Deconstructing the "Cartesian Theater"

Masley breaks down the three pillars of this folk philosophy, starting with the idea of a unified self. He describes the "Cartesian ego" as a featureless observer hiding in the mind, watching thoughts like a movie on a screen. "There is a unified self that floats above mental processes and observes them," he lists as the first intuitive belief. He argues that this is a false model of consciousness. In reality, there is no little person inside our heads; there are just processes happening. "I will argue that they are incorrect," Masley states plainly, setting the stage for a naturalist view where the mind is "functions all the way down."

The second pillar is the belief in perfect self-knowledge. Masley writes, "We know our own internal experience with complete certainty." He challenges this by suggesting that our introspection is often flawed and that we don't have direct, unmediated access to our own thought processes. We don't watch our thoughts fall like dominos; we infer them. The third pillar is the idea that all knowledge must stem from this first-person subjective experience. "A machine cannot have knowledge, for the same reason a line of dominos cannot have knowledge: there's no Cartesian ego behind the scenes experiencing and judging the world," he paraphrases the common argument.
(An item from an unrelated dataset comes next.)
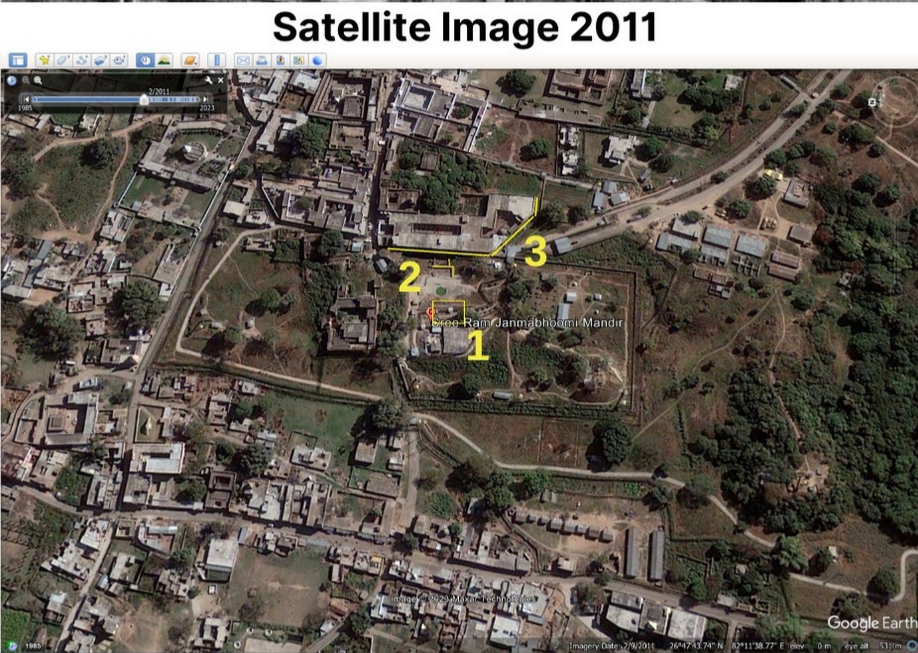 The part marked as 1 is the Babri Masjid. This is visible from two sides in Image 1 and Image 2. The structure marked as 2 in Image 1, Image 2 and Satellite Image from 2011 below is a concrete plinth beam-like structure adjacent to a building close to the Babri Masjid. The building marked 3 is also visible in Image 2 and the 2011 satellite image. In this way, when we compare the structures present in Image 1 and Image 2 with the satellite images from 2011 and 2023, we can see that the Ram Mandir is being built at the same site where the Babri Masjid once stood.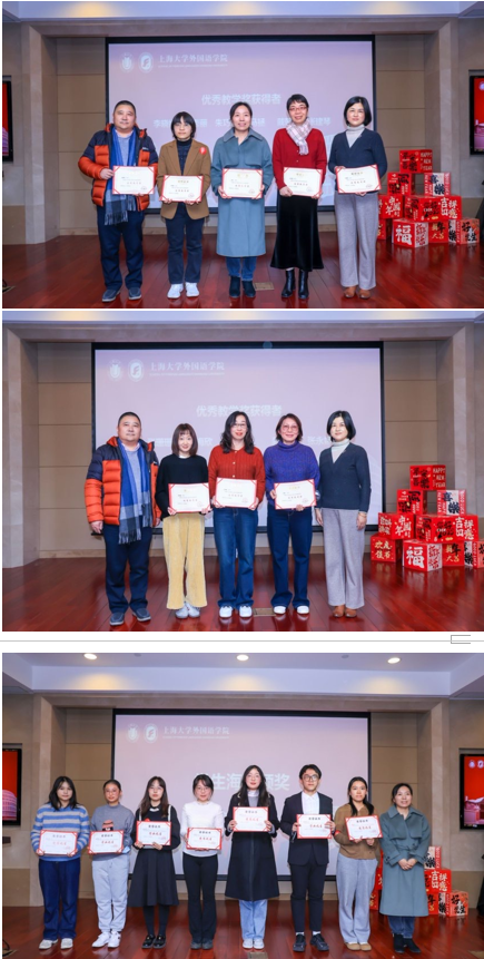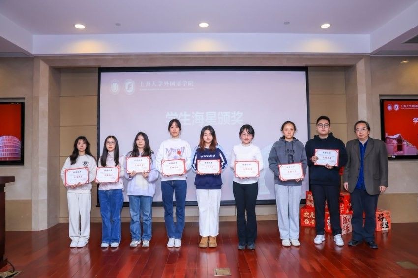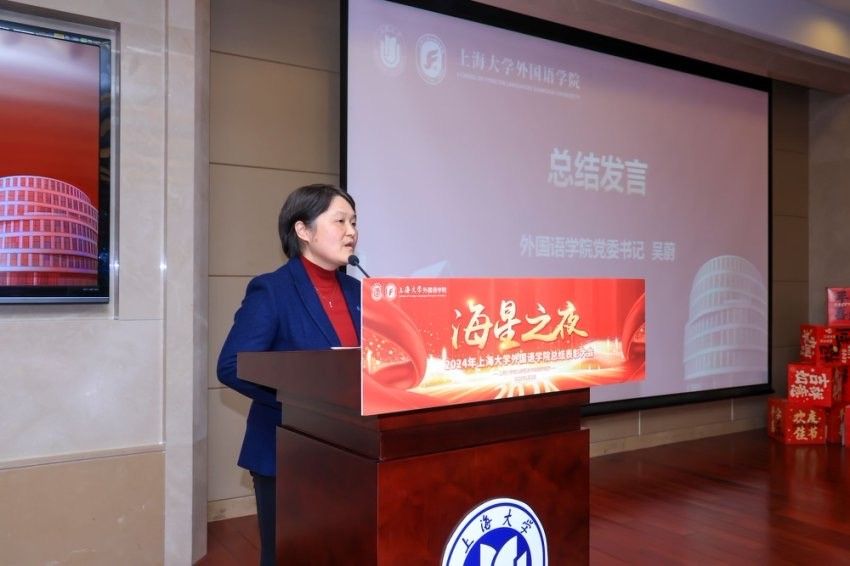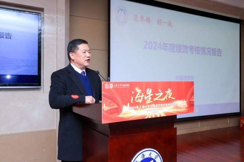 回首过往,擘画新程。奋楫争先,勇毅笃行。2025年1月3日下午,上海大学外国语学院在宝山校区乐乎新楼学海厅举办2024年度“海星之夜”总结表彰大会。外国语学院老领导谢之君、施雯、邓志勇,学院党委书记吴蔚,党委副书记、院长尚新,党委副书记、副院长贾小琴,副院长戴朝晖、唐青叶、张建琴,学院各系部主任、学院教职工和学生代表齐聚一堂,共赴盛会。本次大会由外国语学院本科生邓修杰、王语薇和研究生李峥赫、王玉琪主持。

Masley's counter-proposal is "anti-Cartesian naturalism," which relies on three concepts: physicalism, functionalism, and evolution. He defines physicalism as the view that "the world follows the laws of science, there is nothing magical happening." This is a crucial distinction. By grounding the mind in physics, he removes the need for a supernatural soul. "Physical things behave according to regular, mathematical laws that describe their interactions," he explains, arguing that if the mind is physical, it must obey these laws too. This is where the argument becomes most compelling for a technical audience: it treats the mind as a system that can be understood, modeled, and potentially replicated.

"Functionalism's main claim is that mental states are defined by what they do, not what they're made of."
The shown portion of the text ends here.